### Try it
Within the material below, transcribe exactly the lines from the one holding "سپهر ایرانیان ، چهارشنبه ۳۰ شهريور" through the one holding "합천군 대병면에서 가장 저렴하고 믿을 수 있는 인테리어 업체 5곳 비교", keeping both ends and skipping the rest.

### Exercise material
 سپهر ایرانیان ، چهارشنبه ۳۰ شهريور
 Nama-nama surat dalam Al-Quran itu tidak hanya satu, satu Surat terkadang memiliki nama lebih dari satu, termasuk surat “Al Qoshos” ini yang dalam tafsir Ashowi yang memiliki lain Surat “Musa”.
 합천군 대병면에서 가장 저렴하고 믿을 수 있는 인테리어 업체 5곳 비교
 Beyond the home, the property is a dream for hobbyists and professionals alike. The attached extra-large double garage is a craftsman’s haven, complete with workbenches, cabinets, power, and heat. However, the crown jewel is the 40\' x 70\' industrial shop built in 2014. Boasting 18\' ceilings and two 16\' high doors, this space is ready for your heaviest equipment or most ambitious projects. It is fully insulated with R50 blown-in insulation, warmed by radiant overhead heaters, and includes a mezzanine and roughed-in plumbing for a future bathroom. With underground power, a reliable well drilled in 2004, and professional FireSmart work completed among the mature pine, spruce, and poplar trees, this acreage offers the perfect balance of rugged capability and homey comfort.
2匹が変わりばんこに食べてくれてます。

---

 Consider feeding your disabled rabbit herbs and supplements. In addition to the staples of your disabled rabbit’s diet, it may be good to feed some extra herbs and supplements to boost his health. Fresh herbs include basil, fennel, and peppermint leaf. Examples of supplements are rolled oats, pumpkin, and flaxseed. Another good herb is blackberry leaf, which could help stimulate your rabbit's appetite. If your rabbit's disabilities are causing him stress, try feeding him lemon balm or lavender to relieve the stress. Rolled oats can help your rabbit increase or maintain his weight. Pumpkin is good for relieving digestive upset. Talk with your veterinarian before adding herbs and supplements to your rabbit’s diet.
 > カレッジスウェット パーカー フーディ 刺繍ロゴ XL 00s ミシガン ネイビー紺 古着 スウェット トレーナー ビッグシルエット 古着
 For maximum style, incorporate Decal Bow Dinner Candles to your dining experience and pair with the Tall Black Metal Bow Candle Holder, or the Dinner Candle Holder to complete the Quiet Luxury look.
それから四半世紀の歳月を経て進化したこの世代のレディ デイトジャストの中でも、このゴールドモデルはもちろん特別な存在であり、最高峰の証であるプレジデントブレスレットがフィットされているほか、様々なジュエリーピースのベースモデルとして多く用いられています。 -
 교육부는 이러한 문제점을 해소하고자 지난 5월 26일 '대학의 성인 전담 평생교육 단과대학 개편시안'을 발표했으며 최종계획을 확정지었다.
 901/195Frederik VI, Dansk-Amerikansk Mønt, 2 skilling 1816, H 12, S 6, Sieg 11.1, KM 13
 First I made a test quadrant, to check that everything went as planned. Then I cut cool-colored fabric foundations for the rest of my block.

--

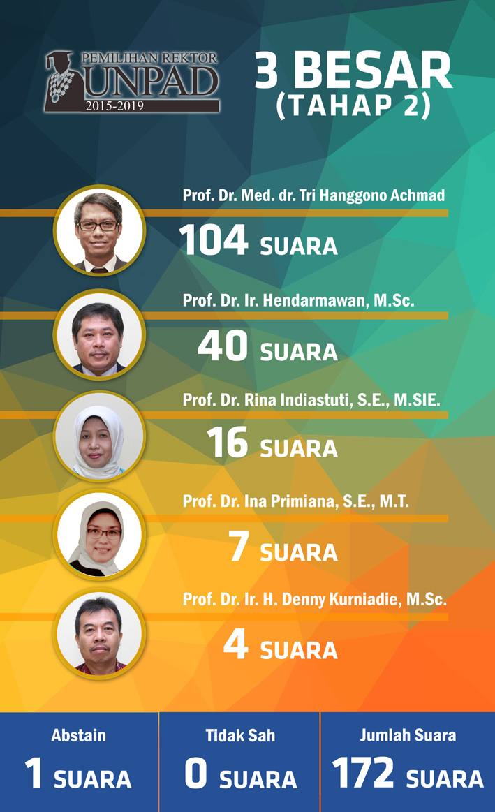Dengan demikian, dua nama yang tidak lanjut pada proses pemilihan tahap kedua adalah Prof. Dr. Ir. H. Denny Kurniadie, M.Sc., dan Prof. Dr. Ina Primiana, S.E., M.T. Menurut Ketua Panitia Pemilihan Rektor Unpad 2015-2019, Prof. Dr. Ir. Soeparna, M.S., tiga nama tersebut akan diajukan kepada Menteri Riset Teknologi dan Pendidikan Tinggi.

### Your solution
 سپهر ایرانیان ، چهارشنبه ۳۰ شهريور
 Nama-nama surat dalam Al-Quran itu tidak hanya satu, satu Surat terkadang memiliki nama lebih dari satu, termasuk surat “Al Qoshos” ini yang dalam tafsir Ashowi yang memiliki lain Surat “Musa”.
 합천군 대병면에서 가장 저렴하고 믿을 수 있는 인테리어 업체 5곳 비교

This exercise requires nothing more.